蔣澈躲開了他的手,放好被子枕頭就躺下來,背對着許無時側卧繼續玩手機。

這麽一折騰,十二點已經過去了。

許無時留了蔣澈那邊床頭燈沒關,剛剛掀開被子躺下來,就聽見蔣澈沉着聲警告他,“你睡歸睡,要是敢對我動手動腳,我就打死你。”

許無時眼皮輕輕阖了下來,聲音低沉語氣懶懶地“嗯”了一聲。

蔣澈眼睛一直盯着手機屏幕,但是耳朵卻一直緊張地聽着身後的動靜,全身的神經都做好了要是許無時敢伸手過來就立刻把人摁倒揮拳的準備。

可惜讓他失望的是,許無時除了剛才掀被子躺下的時候發出了一點聲音,後面就跟死了一樣,別說伸手了,連呼吸都很輕。

蔣澈的脖子僵了十多分鐘,實在酸得受不了了,就翻了個身,仰躺着扭頭去看許無時。

其實床一點都不大,兩個人都仰躺的話,肩頭胳膊難免會挨到一點。

蔣澈一轉過頭,就險些跟許無時筆挺的鼻尖蹭上了。

昏暗的光線下,許無時那張眉眼深邃五官立體的面容,好看得讓人說不出話。

其實這個世界上好看的人也不少,但是偏偏就有這樣一個人,你覺得他的好看是長在你的審美點上,而且越看越覺得完美。

蔣澈以前是覺得長在他審美點上的是白奕月,現在看着許無時熟睡安靜的面容,又感覺他的審美好像不知道什麽時候就扭曲了。

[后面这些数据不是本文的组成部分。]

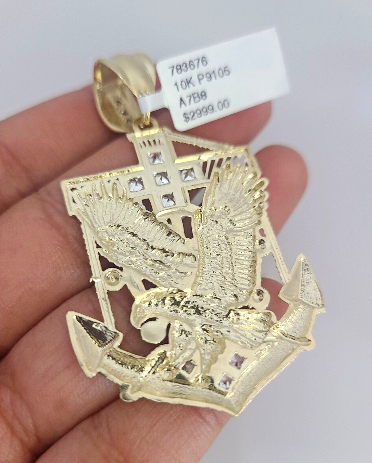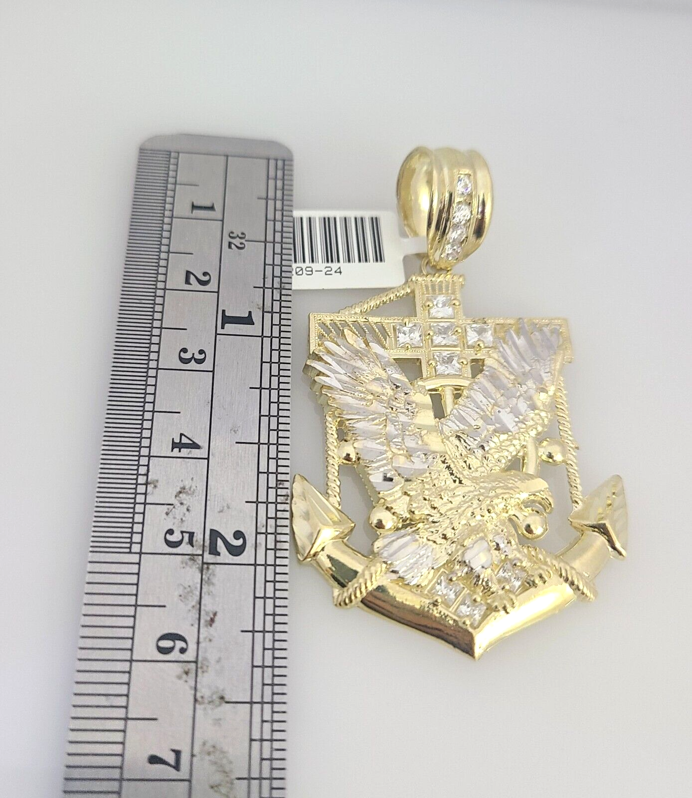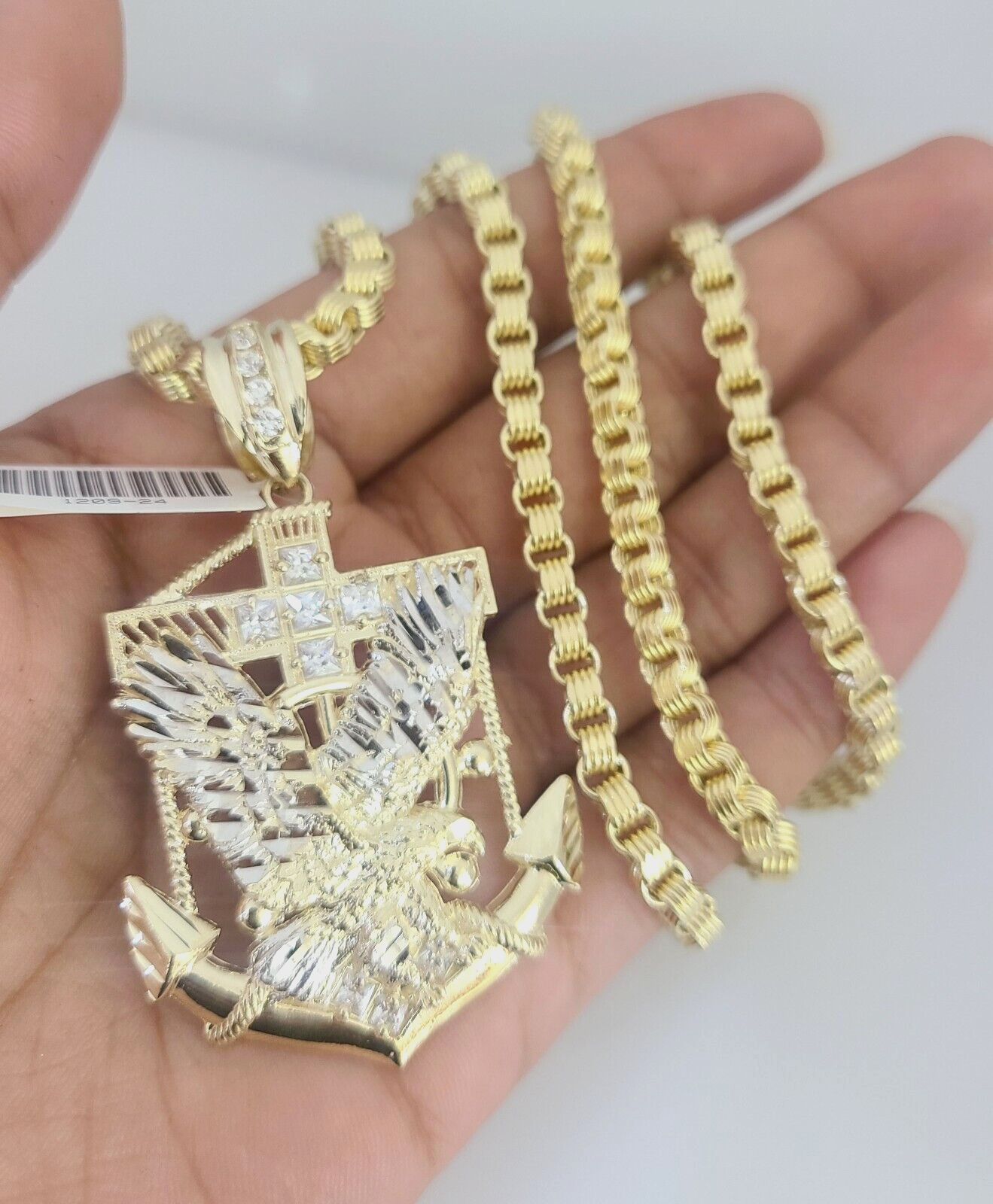 Real 10k Gold Byzantine Necklace Eagle Anchor Charm SET Chain 20"-30" 4mm

逐漸從白奕月偏移到了許無時身上,而且還一發不可收拾。

蔣澈現在實錘自己是個渣男了,還是那種膚淺得會因為好看的皮囊而出軌的渣男。

他用手指蓋了蓋眼睛,想嘆氣,還沒嘆出來,許無時的聲音就冷不丁在他耳邊響起。

“睡不着嗎?”

聲音微啞帶蘇,蔣澈感覺半邊身子都要被他這一聲給問麻了。

狐貍精又要開始勾人。

蔣澈不管生硬不生硬,抱着被子就想翻身,但是沒翻成功,因為許無時突然下颌微揚,湊上來親了親他的唇角。

沒什麽色-情意味,很溫柔純情的一個吻。

“晚安吻我讨到了,現在可以安心睡了。”

許無時眼眸垂了垂,微翹的長睫在臉上落下一片濃密的陰翳,看上去溫柔又英俊。

蔣澈的呼吸陡然一亂,有些招架不住地翻身背了過去。

野生狐貍精真的太厲害了。

他悄悄摸着心口按了一下,剛剛一口氣緩上來,許無時的聲音又在身後響起——

“蔣澈,我抱抱你,好不好?”

低低柔軟的聲音,一下子就勾得蔣澈想起了很多事情。

我十二歲父母就去世了……

他為了取祝壽圖,拍戲途中受傷了也沒出聲。

拍完了才去醫院縫針,拿了藥又趕回來參加生日宴……

蔣澈覺得心口滿滿漲漲,有點酸又有點堵,一時沒有說話。

他沉默的時候,許無時已經把手伸了過來。

手臂擦着他脖子的皮膚,繞到他身前一扣,把他按進了懷裏。

“晚安,蔣澈。”

許無時低頭親了親蔣澈的後頸,從背後把人牢牢抱緊了。

蔣澈覺得這個姿勢躺着一點兒也不舒服,但是他沒掙紮。

抓着被子往腦袋上蓋了蓋,他悶聲道:“晚安……許無時。”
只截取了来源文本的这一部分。